The car was the last one on to the ferry and, almost before Stephen had applied the handbrake, Flix muttered ‘Loo!’ and dashed off.


 Cecily laughed, ‘I’d better go after her.’ She gathered up hers and Felicity’s handbags and climbed out of the car. As he locked up, Stephen called after her, ‘I’ll look around and see if the other three made it. See you on deck.’ She waved in response and started up the steps.


As he walked towards the salon he was mobbed by two red-heads, ‘Steve, look at what I’ve got.’ Phil waved her left hand under his nose.


‘Sapphires! Very nice. Congratulations Phil, and when do we meet this paragon of virtue?’


Phil giggled, ‘Not for a couple of months. He’s visiting his grandparents in New Zealand. Geoff’s met him though.’


Geoff nodded ‘He’s okay,’ then he winced as Phil dug a finger in his middle.
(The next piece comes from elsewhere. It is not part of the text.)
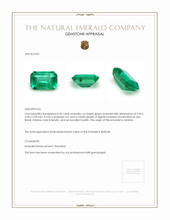 The beautiful, transparent 0.50 carat emerald cut green emerald with the dimensions of 5.96 x 3.98 x 2.96 mm and is emerald cut , has a clarity grade of slightly included (graded at eye level), intense color intensity, and an excellent polish. The origin of this emerald is Zambia.

‘He’s not okay. He’s perfect!’


Steve decided to put an end to this before it got out of hand and escalated into one of the twins lengthy squabbles. ‘Where’s Felix?’


‘Oh, we spotted you driving aboard so we were coming to meet you when this blonde dashed past us and into the Ladies. So he’s probably hanging around there looking like some sort of pervert.’


‘Shut up Phil. He said he would wait for the girls and we should find you and go back on deck. We’ve chosen the spot and I think this may be the time to join them.’

Phil stuck her tongue out at her twin but the three of them went together to find the others.

Con hugged her children, ‘I’m going to miss you!’


‘Come on girl. You’ll be late for Mike if you don’t get a wriggle on.’


Con made a face at Prof and carried on ‘Have a wonderful time with Dadcu and Mamgu. Claire make sure Joy and Amy don’t play too many tricks. Peter will help you make sure your Grandparents don’t muddle them up. And Jack..’ Jack’s lower lip had started to wobble, ‘be good.’


‘Byeee.’ She and Prof left the house for a final cwtsh.


‘Love you Doctor Evans.’


Con laughed, ‘Don’t call me that. Only one sort of doctor in the Maynard Clan. I’ll call you tomorrow. Have a splendacious time in Wales.’ Con dashed to the car before she could start blubbing and drove off, not daring to look back. It felt like it would be years before she would see them again.